Saturday, June 8, 2024 -A chieftain of the Peoples Democratic Party, PDP in Delta State, Sunny Onuesoke has said the solution to Nigeria’s economic problem is not an increase in minimum wage but deflation of the economy.
He made the assertion in a phone interview
with our correspondent in his reaction to the imbroglio between the federal
government and labour unions in the country.
Onuesoke said the increment of wages will
not solve the economic problem in the country but it will rather increase it.
Nigerians
are getting it wrong. What Nigeria want is deflation. If you increase the
salary to one million Naira today, the prices of goods and services will keep
increasing.
“The
more you increase the minimum wage, the more it goes ‘pari pasu’ with the
increase of goods and services. The average person who is not in the civil
service but produces food items like pepper, tomatoes, yam, garri etc will
increase his produce.”
According
to Chief Onuesoke, ”Wage increase cannot resolve the inflation rate because as
there is more salary increase, there is more currency circulating in the
system. When there is more currency flow in the system, the prices of goods and
services will keep increasing. It is a simple economic theory. The more
increases in workers’ salaries, the more you will build up the high inflation
rate.
“The
country is not being controlled by only civil servants alone. The civil servant
is just 14% of those providing services in Nigeria. They are an insignificant
margin. When you are thinking of civil servants, the private sectors are not
addressed as civil servants. There is no private sector that will be able to
pay that amount of money as salary monthly.”
He said
what Nigerians need right now is the reduction of the inflation rate to the
extent that even if a worker is receiving N20,000 thousand as minimum wage, he
should be able to pay his rent and take care of other responsibilities
comfortably.
He also
urged the federal government to intensify building low-cost houses for the
common man, subsidise them and mortgage the same for the period of their
lifetime as a way to reduce the inflation rate.
“The
people need social infrastructure that will downsize, that will deflate, that
will reduce the hard side of their hardship. What I am saying is that the
Federal Government and state governors should intensify massive agricultural
and housing programmes. They should subsidise and reduce the cost of education.
Health insurance should be all-embracing.
“Our
problem is that we are giving projections without knowing the database of
Nigerians. If you ask our leaders how many acres of land will produce a certain
quantity of cassava, they don’t know it. But they go on air to produce certain
figures borrowed from armchair economists.
“Each
local government should be able to have 80,000 acres of cassava farmland. Yam,
maize, rice etc. They should fix the refineries. What stops the country from
fixing the four refineries till tomorrow? Is it a problem to fix the
refineries?
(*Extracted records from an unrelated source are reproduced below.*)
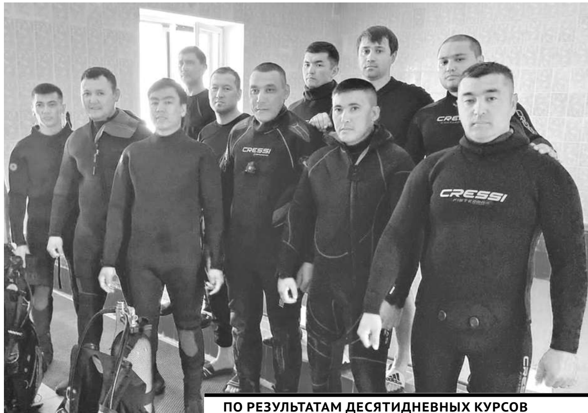
ПО РЕЗУЛЬТАТАМ ДЕСЯТИДНЕВНЫХ КУРСОВ СПАСАТЕЛЕЙ И ВОЕННОСЛУЖАЩИМ БУДЕТ ПРИСВОЕНА КВАЛИФИКАЦИЯ «ВОДОЛАЗ I-II ГРУППЫ СПЕЦИАЛИЗАЦИИ», КОТОРАЯ В ДАЛЬНЕЙШЕМ ПОЗВОЛИТ ПРОВОДИТЬ ПОДВОДНО-ТЕХНИЧЕСКИЕ РАБОТЫ С ПРИМЕНЕНИЕМ ГИДРОДИНАМИЧЕСКИХ ИНСТРУМЕНТОВ СЛЕСАРНЫХ, МОНТАЖНЫХ И ПЛОТНИЦКИХ РАБОТ ПОД ВОДОЙ.

В Приозерске подходит к завершению первый этап курсов обучения и повышения квалификации водолазов МЧС РК, организованный на базе местного спасательного подразделения.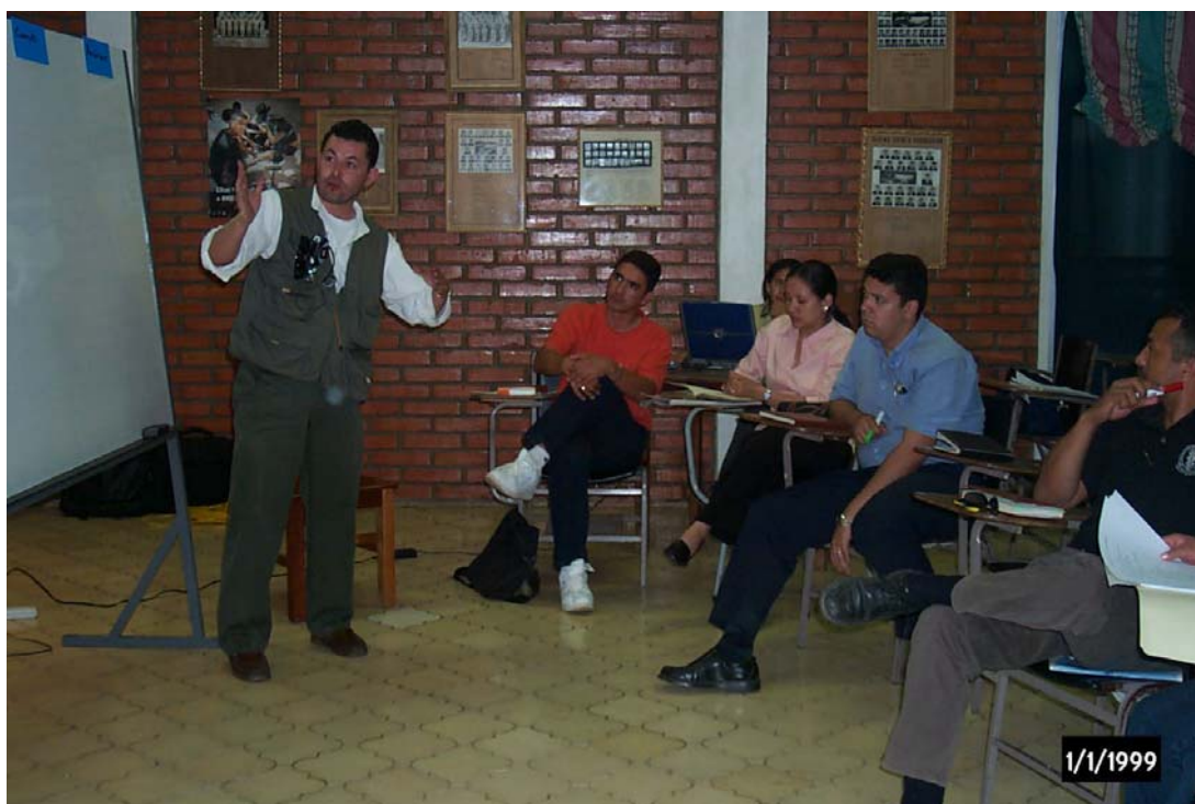
Planificación del festival de la leche y de la actividad de capacitación en los municipios de Santa María del Real y Catacamas, con la Sociedad Cultural de Catacamas.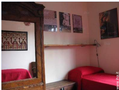
camera per ragazzi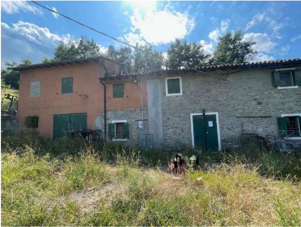
7- Vista esterna del fabbricato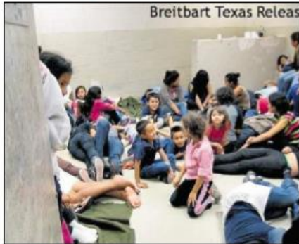
Breitbart Texas Releases

Cooditor de Diseño: David Gil • Diseño: Mauro González • Campaña por de María López • Teléfono: 2402 5600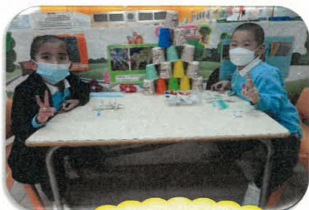
「自由探究天地」讓我們發揮無限創意。

Why are we importing refined products and we are the number six
oil-producing country in the world”.
The
increase in the minimum wage is an addition of two thousand naira which the
Federal Government said is above their initial offer of sixty thousand naira.
The
labour union had stepped down their demands from four hundred and ninety-four
thousand Naira ₦494,000
to ₦250,000 per month.
Both parties have not arrived at any conclusion on the matter.